Coach Mike Babcock, who this season became the first in NHL history to win at least 50 games in his first three seasons behind the bench, prefers not to dwell on the negative.
“The bottom line is, complaining about injuries isn’t going to help you win games,’’ Babcock said. “ was real impressed with the group of young defensemen we brought in here, and how hard they played. It’s one of those things that you can talk about after you get through (the injuries). You put the uniform on and are expected to compete at a high level; we have a real proud group. The thing I was most impressed with was that there was no finger pointing. You have to find a way in this league to win every night. No one cares where you played the night before or who’s injured. Everybody in the league is injured at some time. You just have to find a way to get points.’’
Defensively, the Red Wings have dealt with a rash of injuries over the course of the season, including those to Nicklas Lidstrom (knee), Niklas Kronwall (clavicle), Brian Rafalski (groin), Chris Chelios (leg) and, most recently, Brad Stuart (broken finger). Kronwall, whose regular partner was Stuart, is now playing opposite Chelios, who has shown no signs of slowing down at the age of 46. Babcock has also utilized 26-year-old workhorse Brett Lebda and 23-year-old Derek Meech along the blue line.
Lidstrom, one of the more gifted and talented defenseman in the league, obviously heads the charge for the Wings. Meanwhile, Rafalski, second only to Lidstrom among defensemen in team scoring, has proven to be an exceptional free-agent pickup.
Expect a healthy Dominik Hasek (2.14 goals-against average, .902 save percentage) to get the nod between the pipes even though Chris Osgood (2.09 GAA, .914 save percentage) sports the better numbers this season. Detroit general manager Ken Holland believes Hasek, behind a defense that usually limits foes to fewer than 21 shots a game, can still be the force that helped them win the Stanley Cup in 2002.
“If you look back a year ago, Dom took us to the final four,’’ Holland said. “Why wouldn't you try it all over again?

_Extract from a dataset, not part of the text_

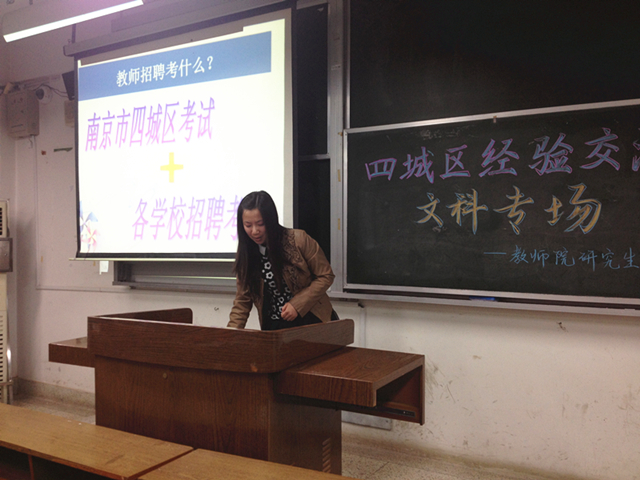 首先由高珊学姐与在座同学分享考试经验。高珊学姐从介绍教师招聘考试内容开始,循序渐进地为同学们提供相关信息。南京教师招聘考试分为四城区考试和学校单独招聘考试。关于四城区考试,学姐主要从题型分析及如何做准备两方面展开。高珊学姐特别强调了案例题的作答方式,提醒同学们结合自己的教育经验,用简练的语言回答。在总结各题型特点后,学姐建议在座不同专业研究生针对学科特点,充分分析教材,根据不同题型梳理知识点。关于如何准备笔试,高珊学姐以简练的短语进行了概括总结:灵活应对、联系实践、熟练掌握学科知识、关心生活、走入课堂。接着,学姐介绍了学校单独招聘考试的流程,主要分为投简历—笔试—面试—说课—试讲—校长面试这几个环节。在对每一环节进行分析后,将成功应对学校招聘归为以下几点:一份好简历、一次宝贵的教学经历、一份好仪态、一份好心态以及熟练的教学技能。最后,高珊学姐祝同学们在四城区考试中取得好成绩,在座同学给予了热烈的掌声。

He gave us Stanley Cup goaltending last year.’’
One phase of Detroit’s game that is crystal clear is the offensive arsenal at Babcock’s disposal. Johan Franzen is proving to be as disruptive a force in the crease as Dan Cleary and Tomas Holmstrom. With injuries to Cleary (fractured jaw) and Holmstrom (abdominal) down the stretch, Babcock has used Franzen and Mikael Samuelsson as the wingmen for Henrik Zetterberg, who led the team in goals this season. Pavel Datsyuk, the team’s leading point-producer with 97, had centered a line with Jiri Hudler and Valtteri Filppula, but that will likely change once everyone is healthy.
Not to be forgotten are Detroit’s tireless penalty killers and checkers, including Kris Draper, one of the finer defensive-forwards in the NHL. Don’t be surprised if right wing Darren McCarty, attempting a comeback after being sidelined since last April, reunites with former linemates Kirk Maltby and Draper to from the hugely popular “Grind Line.” Draper and Maltby have played with Dallas Drake much of the season.